■ About this task
Each line below from the "- # 16729 A" line through the "削下來的蘋果皮煮出紅色汁液,熄火加入玫瑰花增添顏色和香氣" line, those two included, must be restated word for word; the pictures must not be.
── Task data
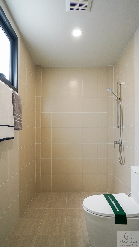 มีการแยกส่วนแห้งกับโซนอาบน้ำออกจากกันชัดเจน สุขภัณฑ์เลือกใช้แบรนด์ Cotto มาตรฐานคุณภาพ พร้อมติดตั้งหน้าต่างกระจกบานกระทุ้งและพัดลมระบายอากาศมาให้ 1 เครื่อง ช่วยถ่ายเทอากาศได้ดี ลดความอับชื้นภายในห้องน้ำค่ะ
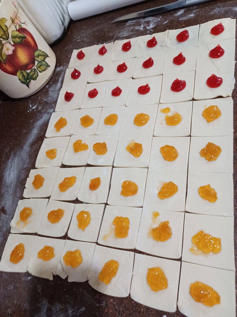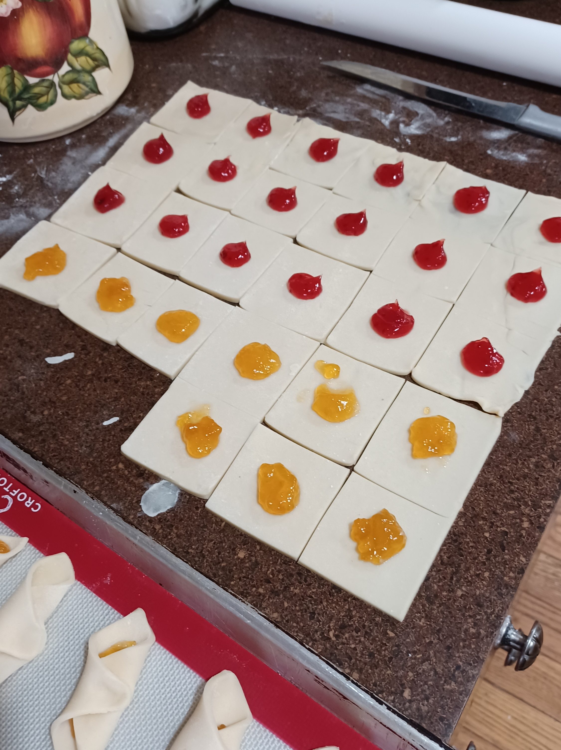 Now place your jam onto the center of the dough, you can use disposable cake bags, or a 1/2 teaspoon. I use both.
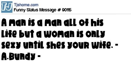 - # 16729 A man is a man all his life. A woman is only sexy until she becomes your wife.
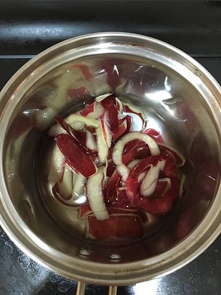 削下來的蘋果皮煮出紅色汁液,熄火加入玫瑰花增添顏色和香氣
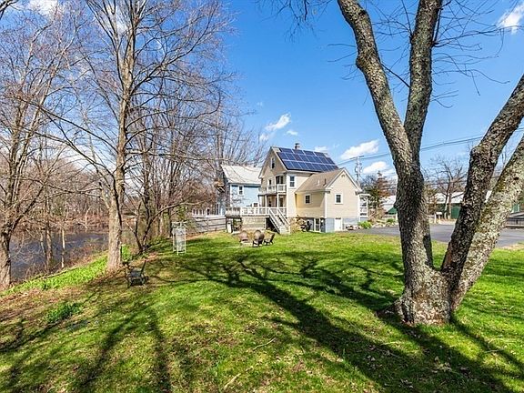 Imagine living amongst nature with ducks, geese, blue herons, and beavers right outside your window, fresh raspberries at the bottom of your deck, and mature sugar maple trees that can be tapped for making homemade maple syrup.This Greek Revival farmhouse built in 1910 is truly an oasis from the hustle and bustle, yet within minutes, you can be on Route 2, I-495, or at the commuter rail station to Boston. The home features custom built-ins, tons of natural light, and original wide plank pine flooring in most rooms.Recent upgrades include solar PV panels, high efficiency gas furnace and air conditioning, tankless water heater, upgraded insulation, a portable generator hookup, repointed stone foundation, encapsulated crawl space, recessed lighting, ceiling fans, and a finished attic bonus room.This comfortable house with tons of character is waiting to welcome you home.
────
── Task data
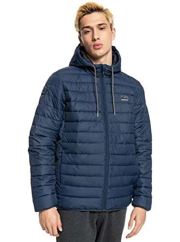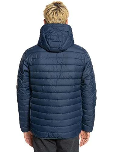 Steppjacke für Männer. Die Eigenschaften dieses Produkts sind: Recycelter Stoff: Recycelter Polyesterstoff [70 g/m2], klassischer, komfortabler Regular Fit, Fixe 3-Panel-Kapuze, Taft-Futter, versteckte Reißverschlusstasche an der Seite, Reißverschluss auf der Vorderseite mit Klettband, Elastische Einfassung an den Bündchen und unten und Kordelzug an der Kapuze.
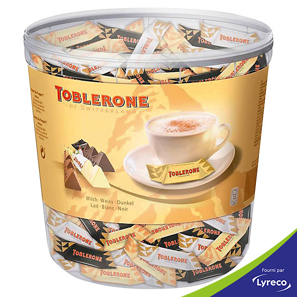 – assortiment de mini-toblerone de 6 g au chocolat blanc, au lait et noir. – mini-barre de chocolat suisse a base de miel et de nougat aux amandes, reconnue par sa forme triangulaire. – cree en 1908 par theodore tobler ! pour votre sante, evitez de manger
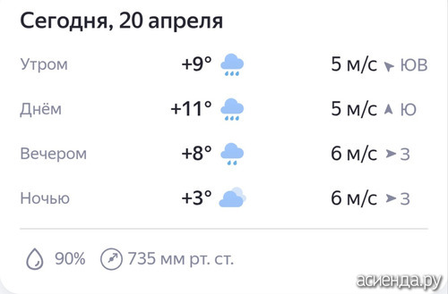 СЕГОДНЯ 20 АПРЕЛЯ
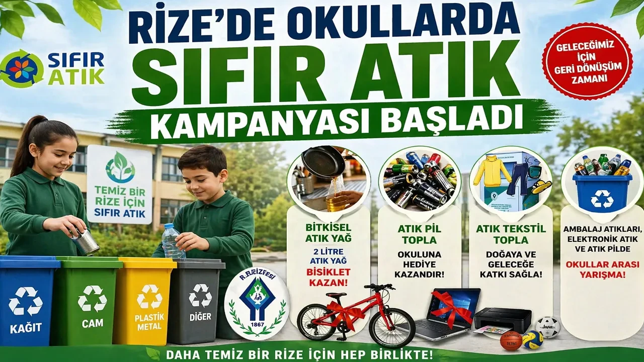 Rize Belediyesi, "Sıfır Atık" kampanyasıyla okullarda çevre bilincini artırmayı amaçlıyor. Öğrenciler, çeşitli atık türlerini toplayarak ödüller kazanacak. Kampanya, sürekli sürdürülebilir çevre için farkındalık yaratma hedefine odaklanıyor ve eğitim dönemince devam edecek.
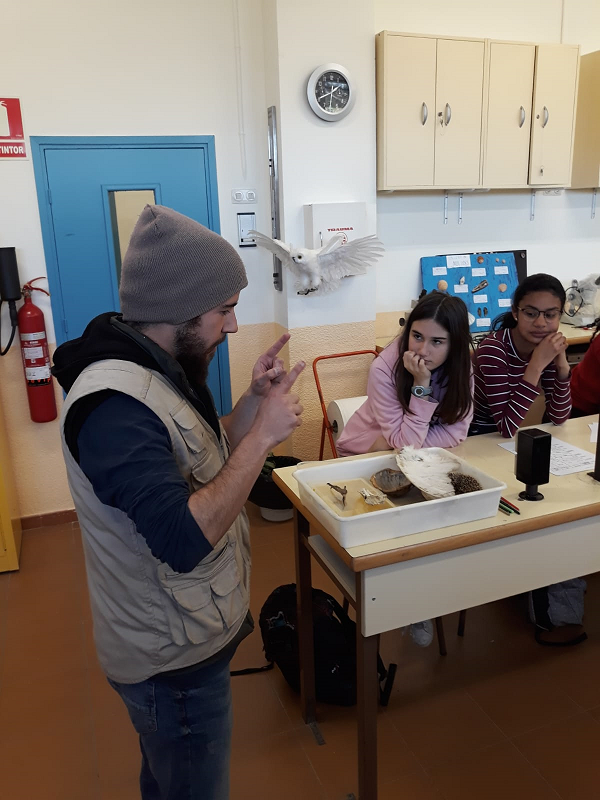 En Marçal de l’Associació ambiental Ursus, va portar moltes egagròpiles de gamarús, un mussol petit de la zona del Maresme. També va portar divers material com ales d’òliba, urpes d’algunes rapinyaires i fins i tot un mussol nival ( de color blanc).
────
■ Output of the exercise
 - # 16729 A man is a man all his life. A woman is only sexy until she becomes your wife.
 削下來的蘋果皮煮出紅色汁液,熄火加入玫瑰花增添顏色和香氣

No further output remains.